CDF is a scientific data management software package and format based on a multidimensional (array) model. HDF is a Hierarchical Data Format developed at the National Center for Supercomputing Applications (NCSA) at the University of Illinois. The data model of CDF is very similar to HDF5’s data model. They both have 2 basic objects: data and attribute. Data is an entity that represents data while attribute is a mechanism used to denote data. HDF5 allows to group similar objects into a group, but CDF doesn’t have a grouping mechanism.

Albeit HDF4 and HDF5 are developed by the same organization, the data model of HDF5 is totally different from HDF4 and their formats are incompatible.

What is the connection between netCDF and CDF?

CDF was developed at the NASA Space Science Data Center at Goddard, and is freely available. It was originally a VMS FORTRAN interface for scientific data access. Unidata reimplemented the library from scratch to use XDR for a machine-independent representation, designed the CDL (network Common Data form Language) text representation for netCDF data, and added aggregate data access, a single-file implementation, named dimensions, and variable-specific attributes.

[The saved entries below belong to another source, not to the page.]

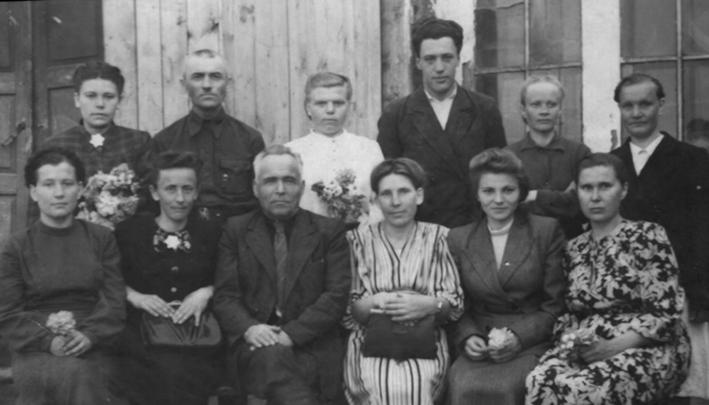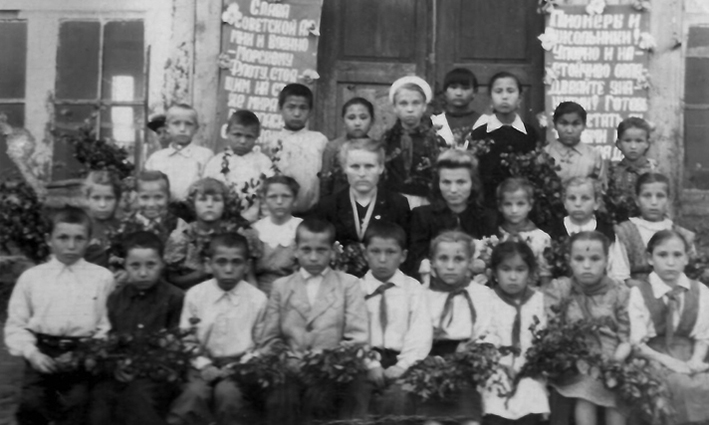 История зданий Урицкой средней школы начинается с 1932 года. Школа находилась по улице Павших Борцов на месте нынешнего парка Павших Борцов. Здание маленькое бревенчатое, крытое тесом. Древесину специально возили из Аманкарагайского лесхоза. Ниже фотография коллектива учителей на фоне первого здания школы.
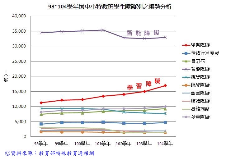 身心障礙在總人口數中有其一定比例,隨著少子女化趨勢,特教學生(如智障)自然也會逐漸減少,但98學年度至今國中小「學習障礙」學生人數卻呈急遽增加(達五成之多),104學年度已近1.7萬人之多。
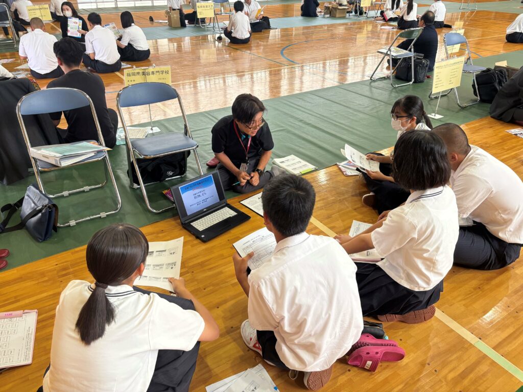 壱岐商業高校・壱岐高校のガイダンスを開催しました 投稿日 2025年10月24日 著者 iki_admin カテゴリー Uncategorized 10月15日に壱岐市内の壱岐商業高校・壱岐高校のガイダンスを開催しました。1年生、2年生を対象に行いましたが、介護科はもちろん理学療法科への関心が高く、たくさんの高校生が真剣に話を聞いてくれました。
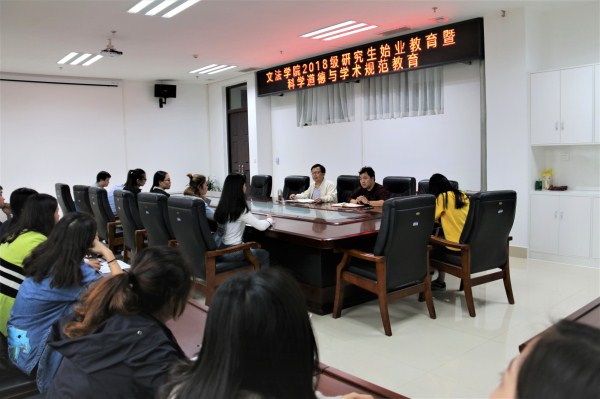 会议开始,王晓勇院长以努力成为一名合格的三年制研究生和科学道德与学术规范的意义为内容为2018级研究生做报告,并就如何成为一名优秀的研究生提出了三点建议;首先要坚持理论与实践相结合,学好专业知识,了解农业管理相关理论,了解国家尤其是农业政策,三农问题;其次要注重德智体全面发展,政治上积极追求进步,思想上健康积极;三是要坚持创新与求是相统一,要有独立思考和理论创新的意识,更要坚持实事求是的精神,严守科学道德和学术规范,并详细讲解了学术规范的相关文件及重要意义。
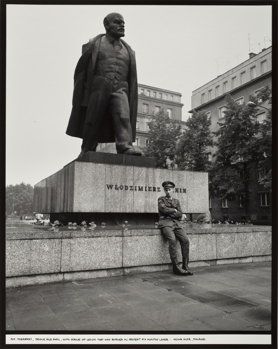 Pvt. Tokarski, Drunk and AWOL, with statue of Lenin that was burned in protest six months later: Nowa Huta, Poland
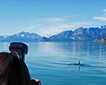 After our very early exploration, we headed back to the ship. That was when nature offered us a wonderful surprise. Our expedition leader Lynn Fowler announced by radio that many dolphins were surrounding our ship! Indeed, there were about 200 bottlenose dolphins swimming and leaping close to our Zodiacs. We all yelled in excitement, especially the youngest explorers.
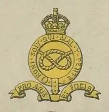 The Imperial Yeomanry were subsumed into the new Territorial Force (TF) under the Haldane Reforms of 1908.[57][58][59] On 1 April 1908 the regiment was redesignated as the Staffordshire Yeomanry (Queen's Own Royal Regiment) (TF) affiliated to Hussars, with the following organisation:[5][8][60][61]
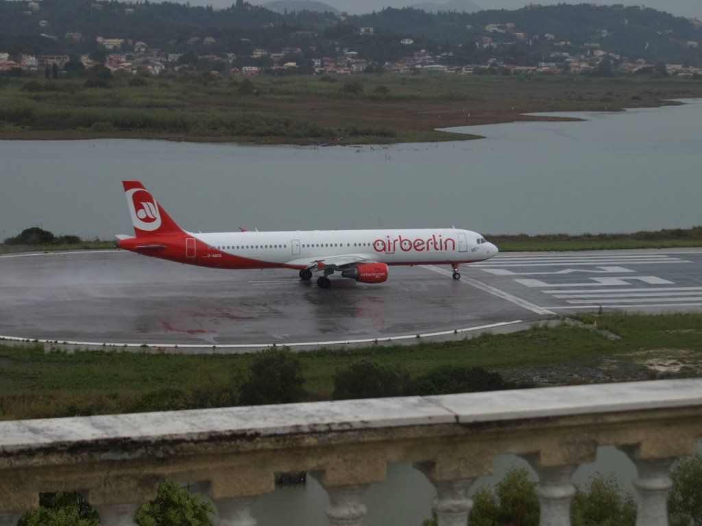 Air Berlin, D-ABCG Airbus A 321-200 wartet in Korfu auf die Freigabe zum Start
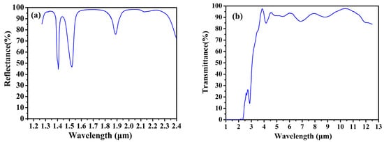 The designed spectral curve is shown in Figure 5a,b, including the theoretical reflectance curve of the reflection channels and the transmittance curve of the transmission channels. The average reflectance of the dichroic beamsplitter in the range from 1.28 to 1.38 μm is 96%, that in the range from 1.58 to 1.83 μm is 98% and that in the range from 1.95 to 2.32 μm is 97.5%, while the average transmittance in the range from 3.7 to 6.2 μm is 94% and that in the range from 7.5 to 12.5 μm is 94.5%. The average reflectance and transmittance of the dichroic beamsplitter can be seen in Table 2.
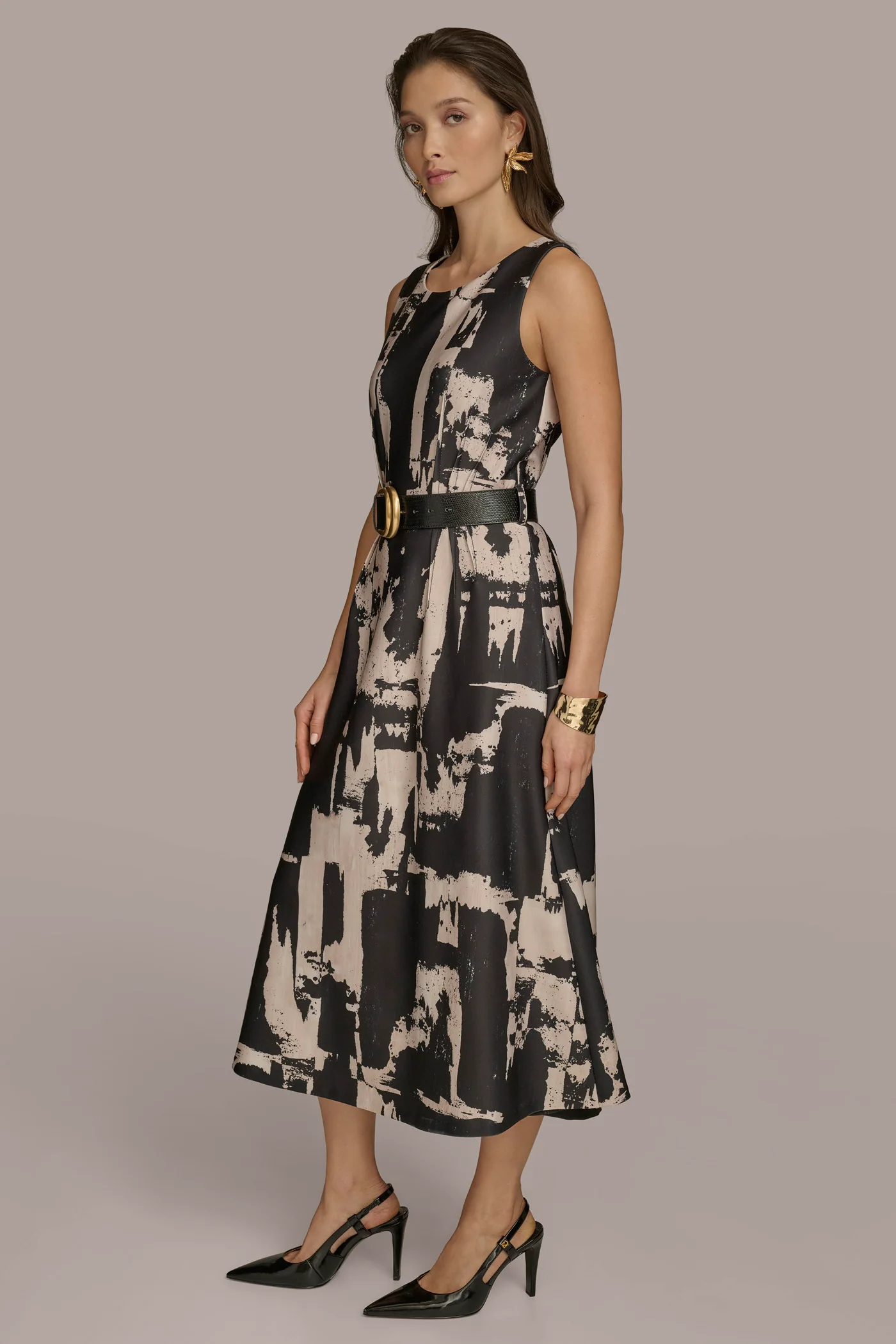 ABSTRACT PRINTED A LINE MIDI DRESS
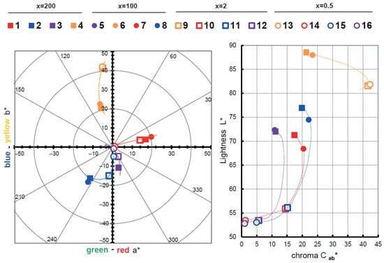 However, the sample with x = 2 with the Direct Red 23, Direct Blue 71, and Direct Blue 199 are apparently achromatic as compared with the less concentrated samples at x = 0.05 with the same dyes. The chroma is affected by the dye concentration and the hue. With yellow samples, it is more difficult to get darker and achromatic samples, as we can see in the L*-Cab* highlighted areas. In addition, as the dye ratio increases (x decrease), the samples L* is low and the chroma decrease, allowing a wider range of colors to be covered. There is a hue shift towards green in the Direct Blue 199 samples when the concentrations increase to x = 100 and 200. The color range represented by the area under the L* Cab* diagrams is bigger with the samples with the Direct Blue 199 than the samples with the Direct Blue 71 which are less chromatic and less bright. Finally, the color range with the samples with Direct Red 23 is wider in the samples with Direct Blue 71.
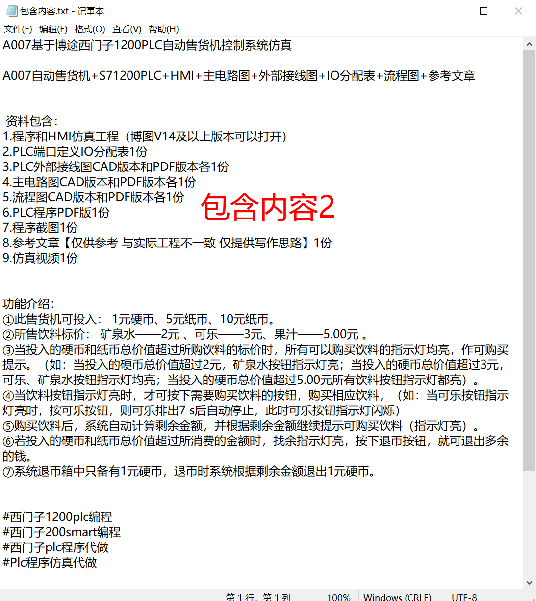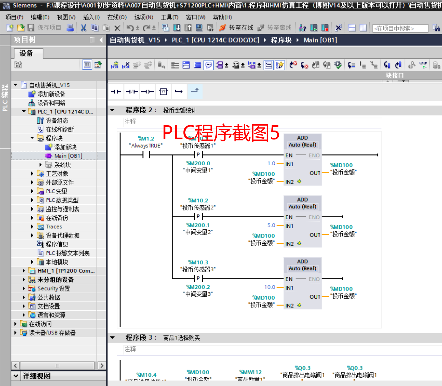 完成了基于西门子1200PLC与博途软件的自动售货机控制系统设计,包括硬件选型、IO分配、电路设计、软件编程与HMI组态。

NetCDF and CDF have evolved independently. CDF now supports many of the same features as netCDF (aggregate data access, XDR representation, single-file representation, variable-specific attributes), but some differences remain (netCDF doesn’t support native-mode representation, CDF doesn’t support named dimensions). There is no compatibility between data in CDF and netCDF form, but NASA makes available some translators between various scientific data formats. For a more detailed description of differences between CDF and netCDF, see the CDF FAQ.